TASK STATEMENT: Exact reproduction is required for the lines below starting at the line with "個人活動ではお絵描き、ぬり絵" and ending at the line with "ナチュラルなパイン材の風合い", both included. No other lines, and no pictures.

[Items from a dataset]
******
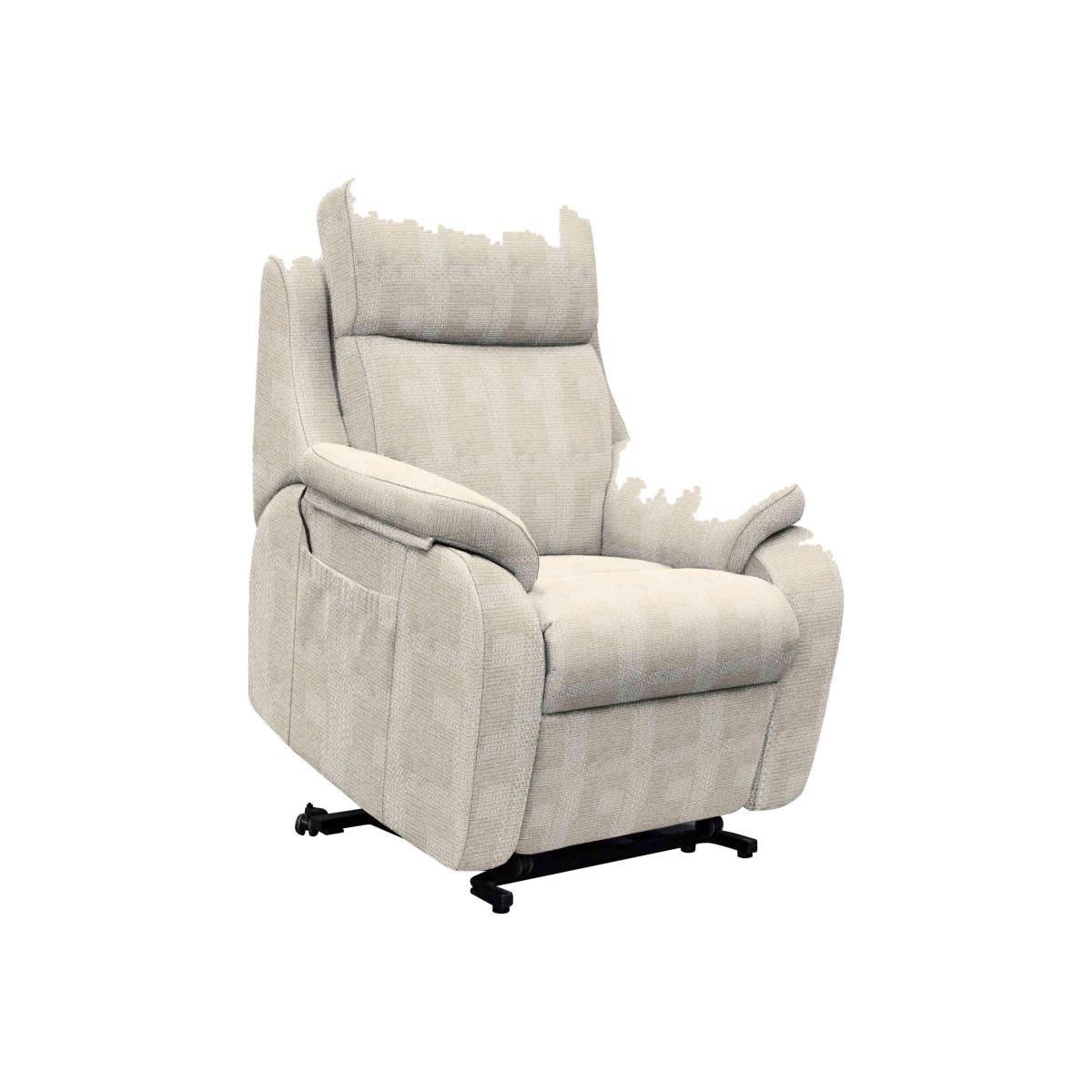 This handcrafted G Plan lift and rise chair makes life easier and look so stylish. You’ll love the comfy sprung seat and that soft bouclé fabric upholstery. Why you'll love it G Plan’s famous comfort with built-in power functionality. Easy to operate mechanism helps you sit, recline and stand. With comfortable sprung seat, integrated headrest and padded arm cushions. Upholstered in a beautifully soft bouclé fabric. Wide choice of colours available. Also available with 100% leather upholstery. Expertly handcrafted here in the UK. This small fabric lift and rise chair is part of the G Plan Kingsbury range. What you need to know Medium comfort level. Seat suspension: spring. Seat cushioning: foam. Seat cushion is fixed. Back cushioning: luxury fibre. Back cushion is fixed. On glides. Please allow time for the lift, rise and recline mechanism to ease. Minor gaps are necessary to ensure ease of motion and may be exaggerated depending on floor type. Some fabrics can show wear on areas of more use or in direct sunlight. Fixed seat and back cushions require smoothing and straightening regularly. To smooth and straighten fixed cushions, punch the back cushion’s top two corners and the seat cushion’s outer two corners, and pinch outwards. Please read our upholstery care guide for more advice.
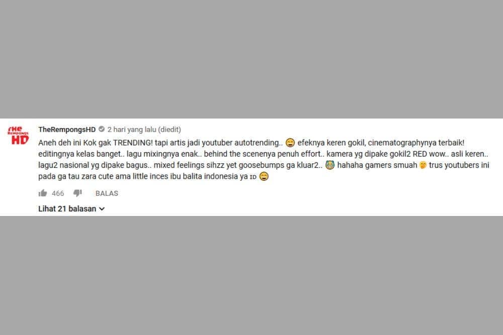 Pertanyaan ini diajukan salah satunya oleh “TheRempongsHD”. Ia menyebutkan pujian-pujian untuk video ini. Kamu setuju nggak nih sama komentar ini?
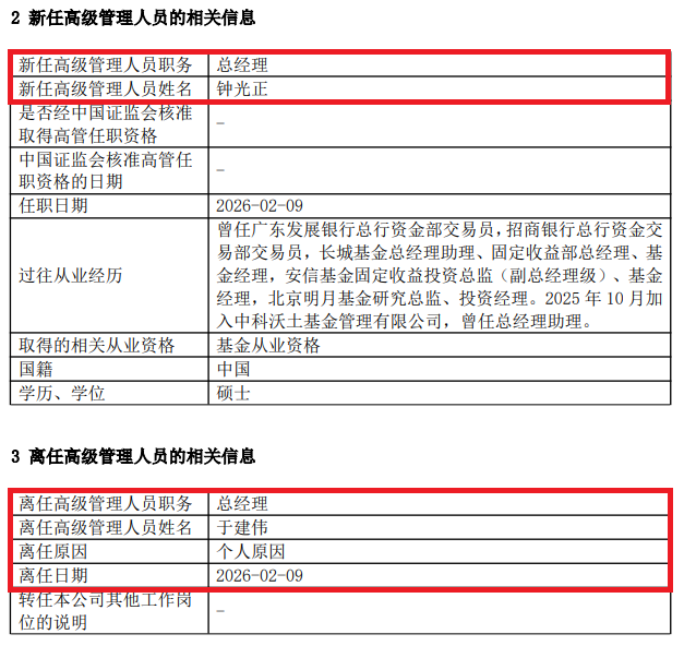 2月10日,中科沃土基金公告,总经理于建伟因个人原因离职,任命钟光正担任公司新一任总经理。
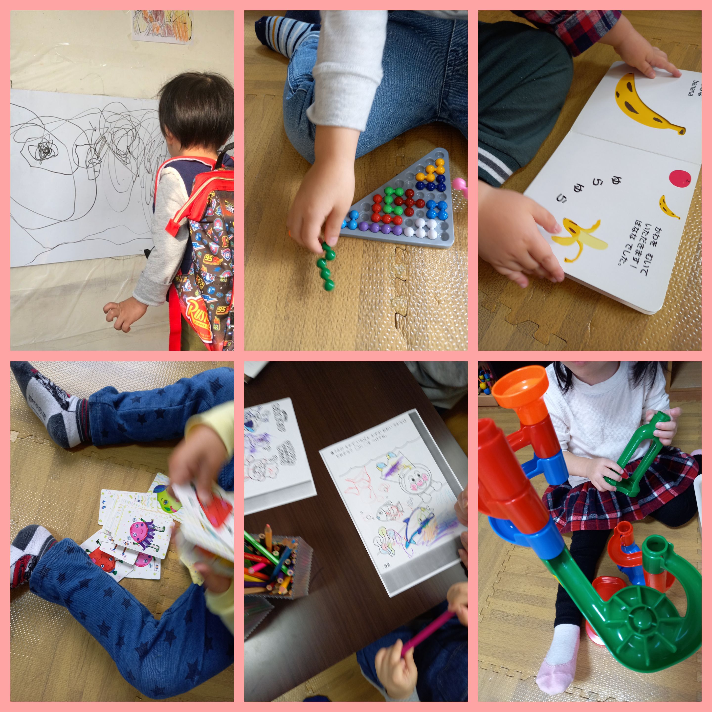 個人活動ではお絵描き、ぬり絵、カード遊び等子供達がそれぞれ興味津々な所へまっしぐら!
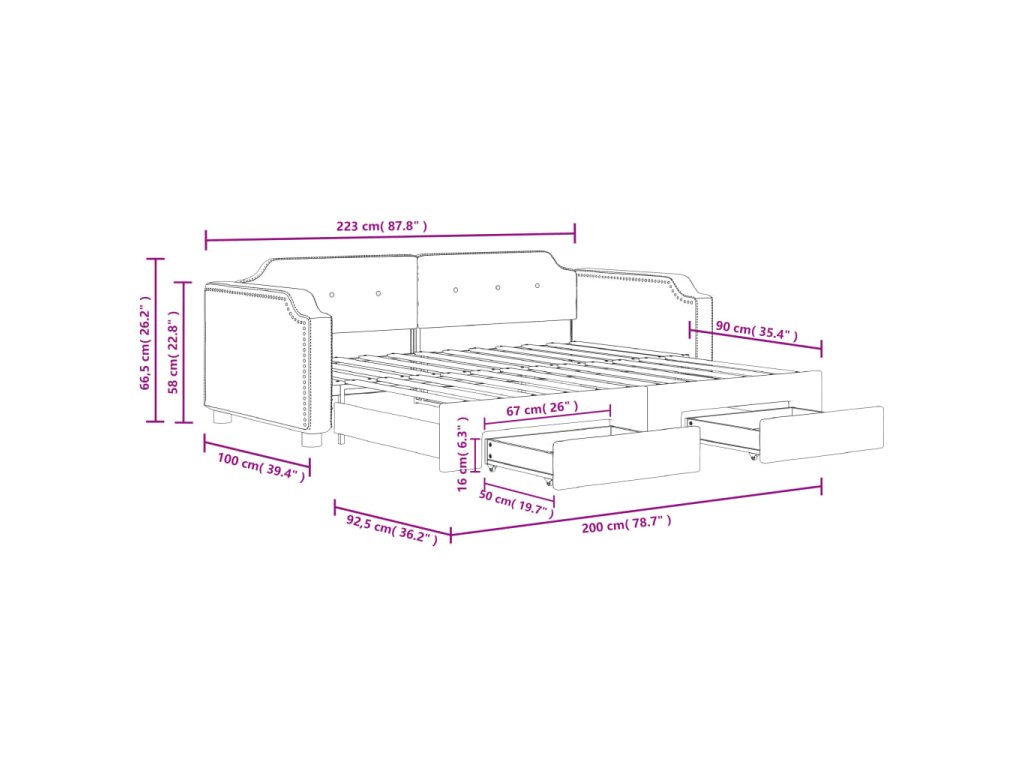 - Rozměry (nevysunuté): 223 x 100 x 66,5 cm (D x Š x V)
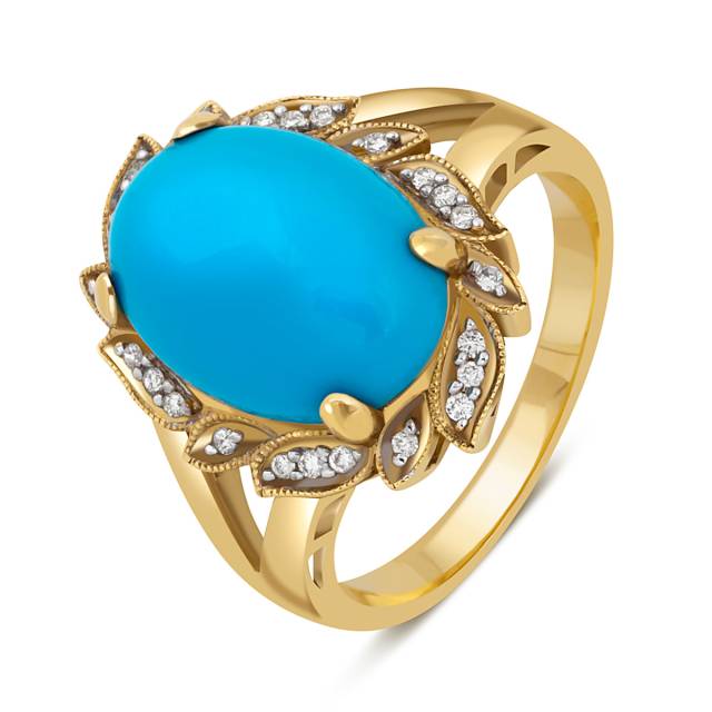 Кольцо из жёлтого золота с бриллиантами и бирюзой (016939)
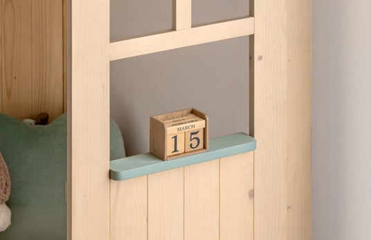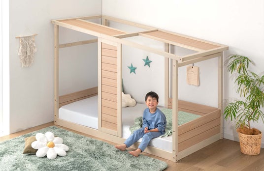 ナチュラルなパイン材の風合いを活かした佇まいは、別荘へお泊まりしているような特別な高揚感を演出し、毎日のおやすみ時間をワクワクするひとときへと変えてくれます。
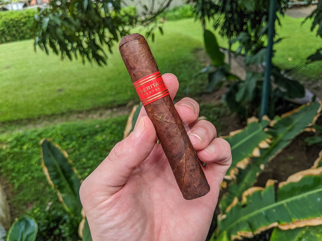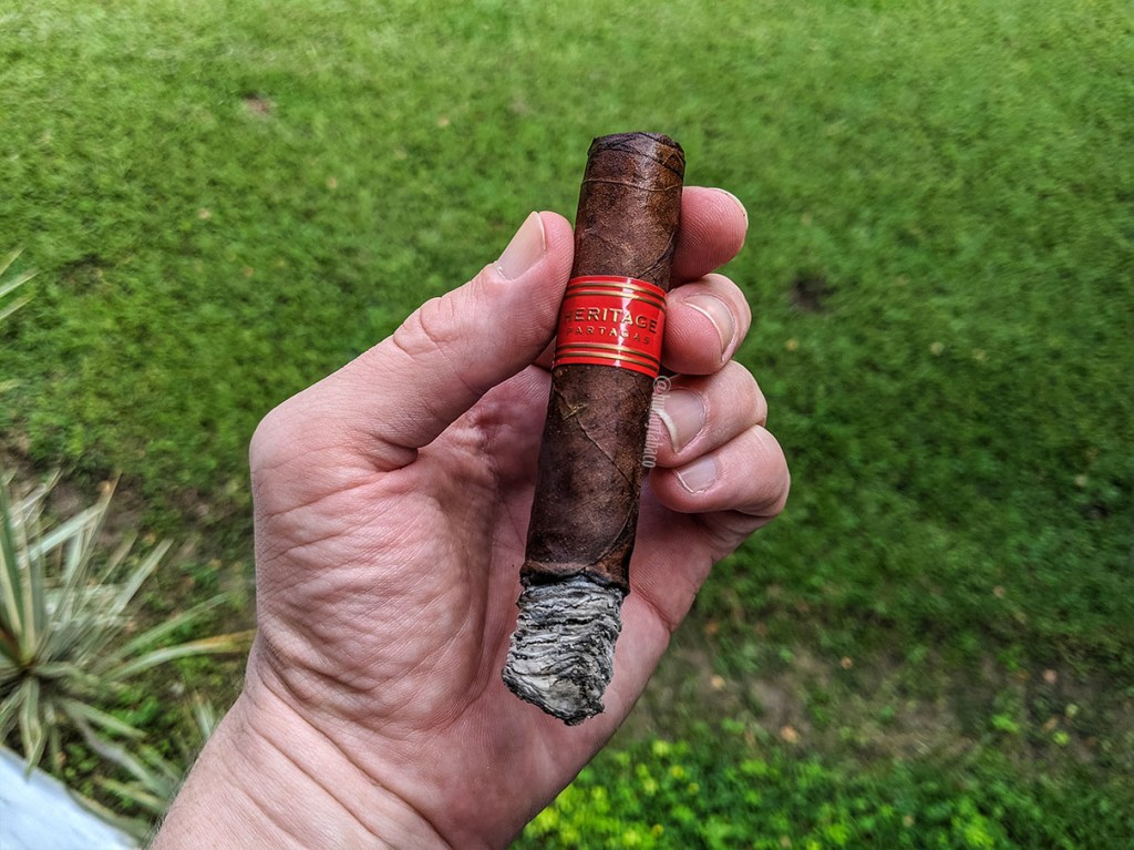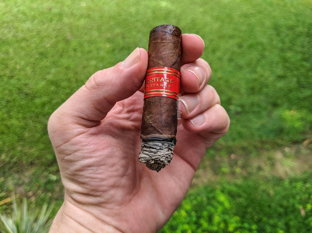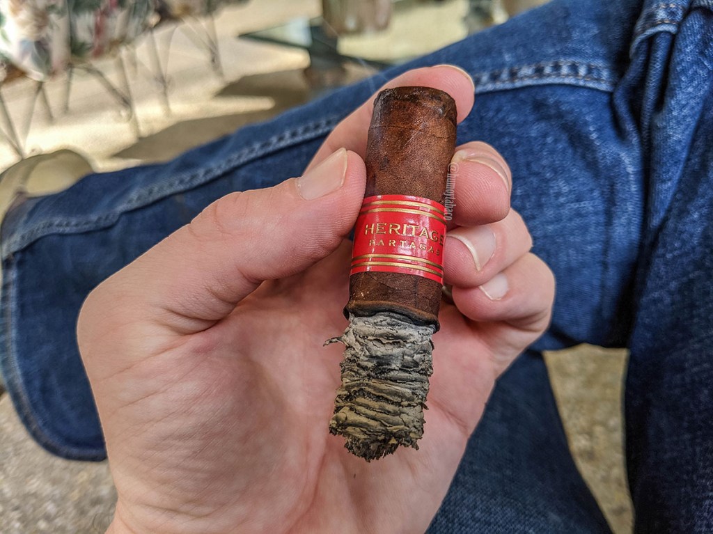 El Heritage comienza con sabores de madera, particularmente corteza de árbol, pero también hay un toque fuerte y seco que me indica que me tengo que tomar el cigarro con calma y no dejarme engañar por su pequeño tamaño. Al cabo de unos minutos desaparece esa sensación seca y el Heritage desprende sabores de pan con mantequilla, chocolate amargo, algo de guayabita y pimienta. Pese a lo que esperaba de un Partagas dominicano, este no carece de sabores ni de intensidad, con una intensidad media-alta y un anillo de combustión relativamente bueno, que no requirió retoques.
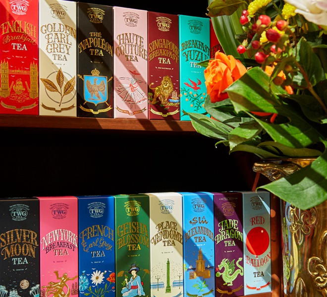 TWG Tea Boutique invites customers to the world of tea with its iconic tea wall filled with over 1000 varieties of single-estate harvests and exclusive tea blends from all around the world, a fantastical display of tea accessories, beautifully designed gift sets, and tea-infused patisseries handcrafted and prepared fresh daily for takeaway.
******
FINAL ANSWER:
 個人活動ではお絵描き、ぬり絵、カード遊び等子供達がそれぞれ興味津々な所へまっしぐら!
 - Rozměry (nevysunuté): 223 x 100 x 66,5 cm (D x Š x V)
 Кольцо из жёлтого золота с бриллиантами и бирюзой (016939)
 ナチュラルなパイン材の風合いを活かした佇まいは、別荘へお泊まりしているような特別な高揚感を演出し、毎日のおやすみ時間をワクワクするひとときへと変えてくれます。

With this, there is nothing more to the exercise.